## [Prompt]
Without the images, print every line of the material below exactly as given.

## [Collected data]
- - -

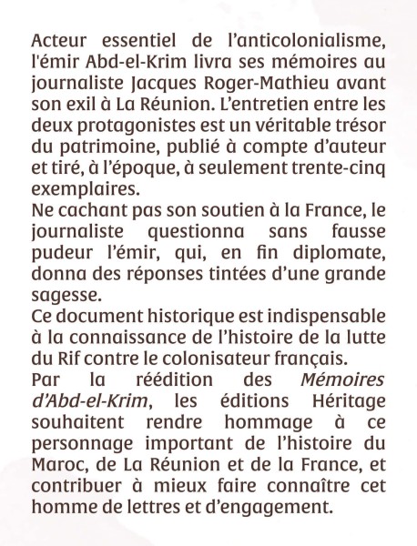 Ce document historique est indispensable à la connaissance de l'histoire de la lutte du Rif contre le colonisateur français. Par la réédition des Mémoires d'Abd-el-Krim, les éditions Héritage souhaitent rendre hommage à ce personnage important de l'histoire du Maroc, de La Réunion et de la France, et contribuer à mieux faire connaître cet homme de lettres et d'engagement.
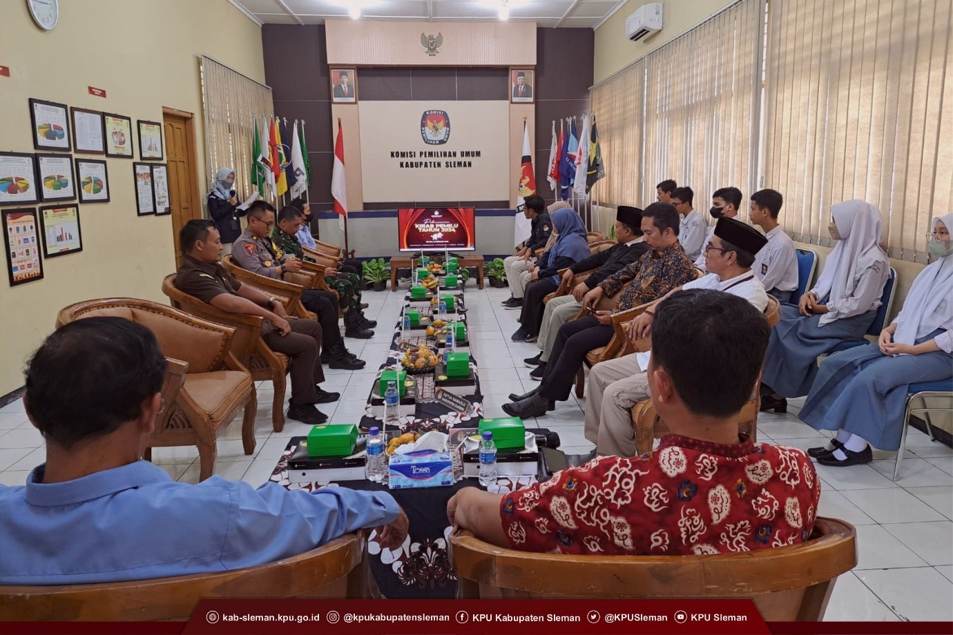 Hadir dalam acara tersebut yaitu Forkopimda, Badan Kesatuan Bangsa dan Politik Kabupaten Sleman, Bawaslu Kabupaten Sleman, dan Pemilih Pemula dari SMK Negeri 1 Tempel serta mengundang secara daring untuk menyaksikan melalui streaming kepada LO partai politik dan perwakilan penyelenggara Pemilu se-Kabupaten Sleman.
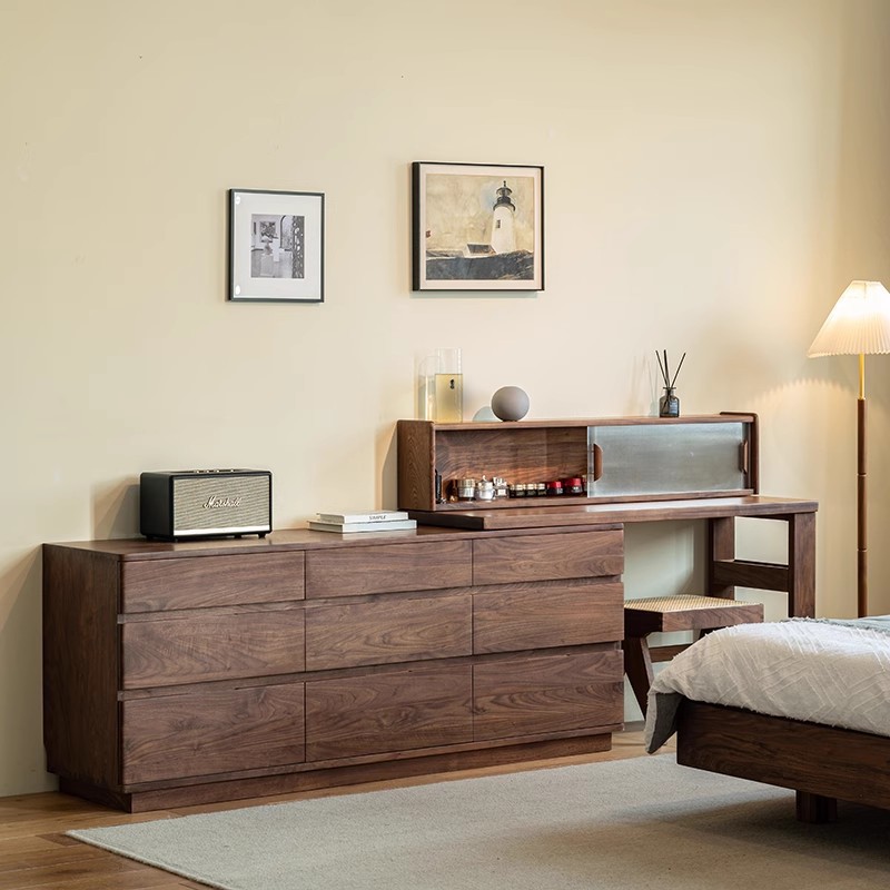 北米黒胡桃実木八斗キャビネット北欧シンプル寝室リビングルーム原木収納収納引き出しキャビネット寂風

- - -

## [Your response]
 Ce document historique est indispensable à la connaissance de l'histoire de la lutte du Rif contre le colonisateur français. Par la réédition des Mémoires d'Abd-el-Krim, les éditions Héritage souhaitent rendre hommage à ce personnage important de l'histoire du Maroc, de La Réunion et de la France, et contribuer à mieux faire connaître cet homme de lettres et d'engagement.
 Hadir dalam acara tersebut yaitu Forkopimda, Badan Kesatuan Bangsa dan Politik Kabupaten Sleman, Bawaslu Kabupaten Sleman, dan Pemilih Pemula dari SMK Negeri 1 Tempel serta mengundang secara daring untuk menyaksikan melalui streaming kepada LO partai politik dan perwakilan penyelenggara Pemilu se-Kabupaten Sleman.
 北米黒胡桃実木八斗キャビネット北欧シンプル寝室リビングルーム原木収納収納引き出しキャビネット寂風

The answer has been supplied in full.